** GIVEN DATA follows **

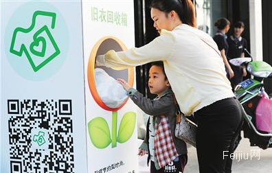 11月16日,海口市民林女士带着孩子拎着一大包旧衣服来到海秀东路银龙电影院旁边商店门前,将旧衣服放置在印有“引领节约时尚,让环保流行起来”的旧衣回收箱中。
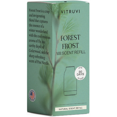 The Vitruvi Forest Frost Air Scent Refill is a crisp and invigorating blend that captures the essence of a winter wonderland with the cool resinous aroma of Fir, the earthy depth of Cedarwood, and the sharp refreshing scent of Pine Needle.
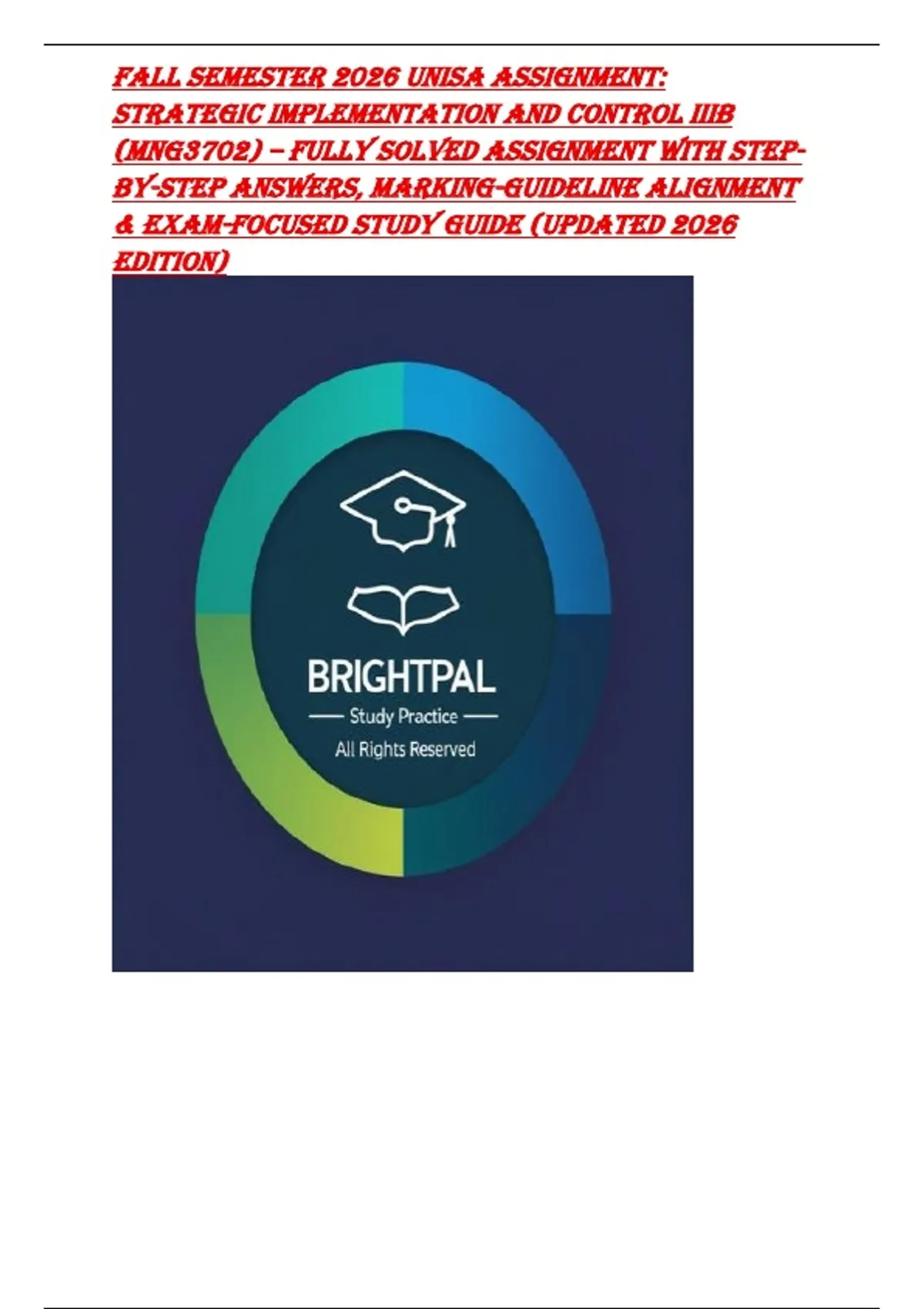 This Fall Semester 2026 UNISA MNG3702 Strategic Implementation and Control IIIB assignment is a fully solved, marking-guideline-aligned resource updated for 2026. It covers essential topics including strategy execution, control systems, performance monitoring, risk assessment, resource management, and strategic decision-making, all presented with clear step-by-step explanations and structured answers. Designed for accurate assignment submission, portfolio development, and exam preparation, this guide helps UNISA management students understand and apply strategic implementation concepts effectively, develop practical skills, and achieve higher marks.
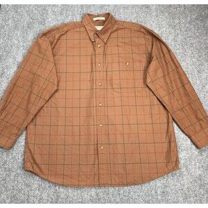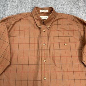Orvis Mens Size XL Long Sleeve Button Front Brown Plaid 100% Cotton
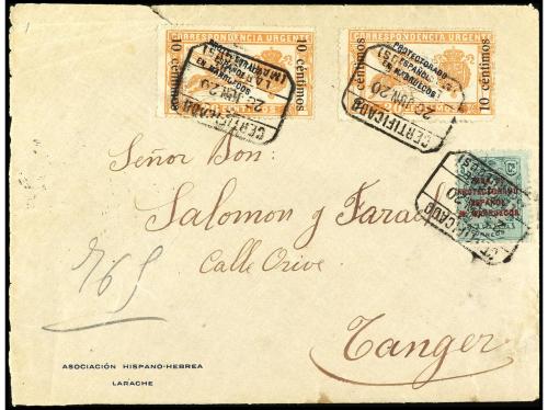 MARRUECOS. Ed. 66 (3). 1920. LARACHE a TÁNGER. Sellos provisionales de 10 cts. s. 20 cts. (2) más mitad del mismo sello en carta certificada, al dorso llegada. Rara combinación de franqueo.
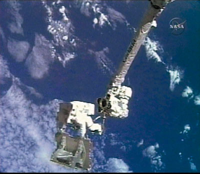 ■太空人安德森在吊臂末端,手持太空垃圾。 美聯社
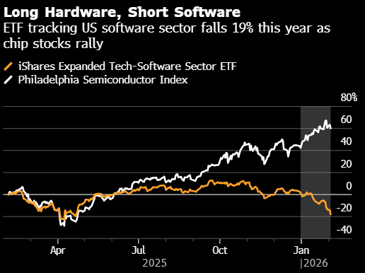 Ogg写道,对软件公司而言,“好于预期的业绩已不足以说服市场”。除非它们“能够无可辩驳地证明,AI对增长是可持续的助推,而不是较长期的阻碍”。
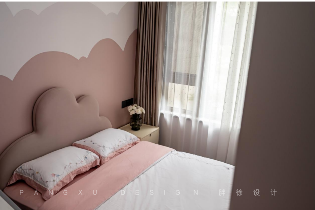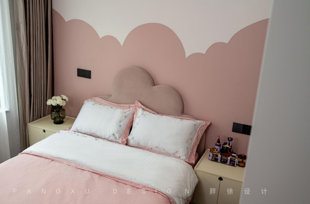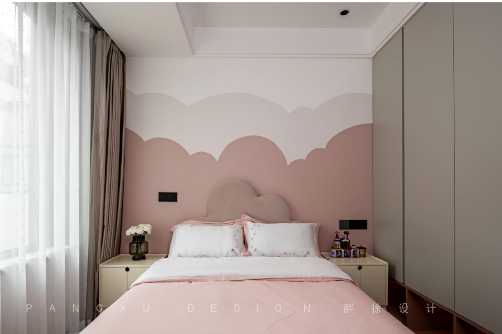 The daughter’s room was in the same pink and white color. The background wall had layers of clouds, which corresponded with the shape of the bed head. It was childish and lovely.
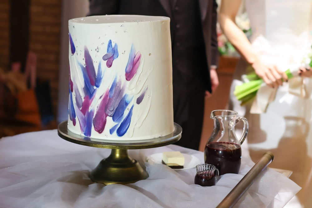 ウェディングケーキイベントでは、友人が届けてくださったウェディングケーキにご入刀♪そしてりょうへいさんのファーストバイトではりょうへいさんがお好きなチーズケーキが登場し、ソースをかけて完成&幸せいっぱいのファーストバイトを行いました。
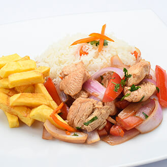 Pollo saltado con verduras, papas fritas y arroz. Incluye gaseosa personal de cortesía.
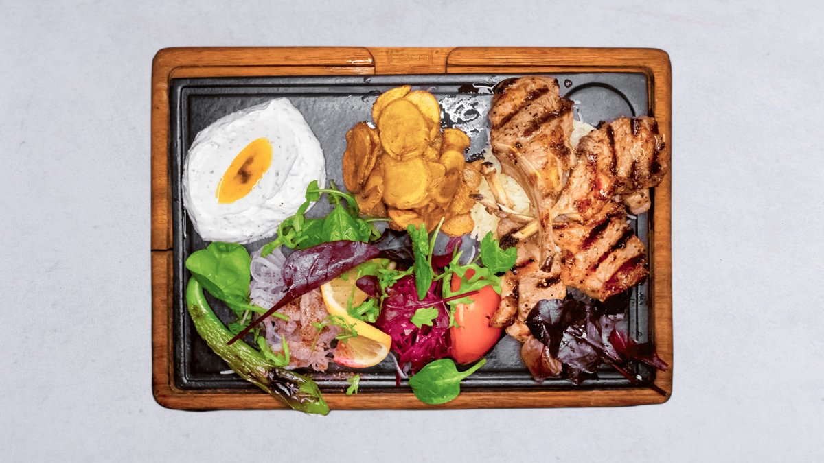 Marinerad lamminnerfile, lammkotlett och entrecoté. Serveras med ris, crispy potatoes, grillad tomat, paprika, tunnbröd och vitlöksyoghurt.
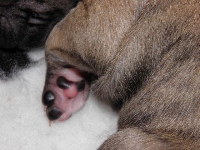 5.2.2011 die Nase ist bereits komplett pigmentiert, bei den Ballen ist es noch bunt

** End of GIVEN DATA **

● TASK DETAILS
Quote only what lies between the first line of the records and the line containing "The Vitruvi Forest", please, including both lines and excluding images.

● RESPONSE FOR THIS EXERCISE
 11月16日,海口市民林女士带着孩子拎着一大包旧衣服来到海秀东路银龙电影院旁边商店门前,将旧衣服放置在印有“引领节约时尚,让环保流行起来”的旧衣回收箱中。
 The Vitruvi Forest Frost Air Scent Refill is a crisp and invigorating blend that captures the essence of a winter wonderland with the cool resinous aroma of Fir, the earthy depth of Cedarwood, and the sharp refreshing scent of Pine Needle.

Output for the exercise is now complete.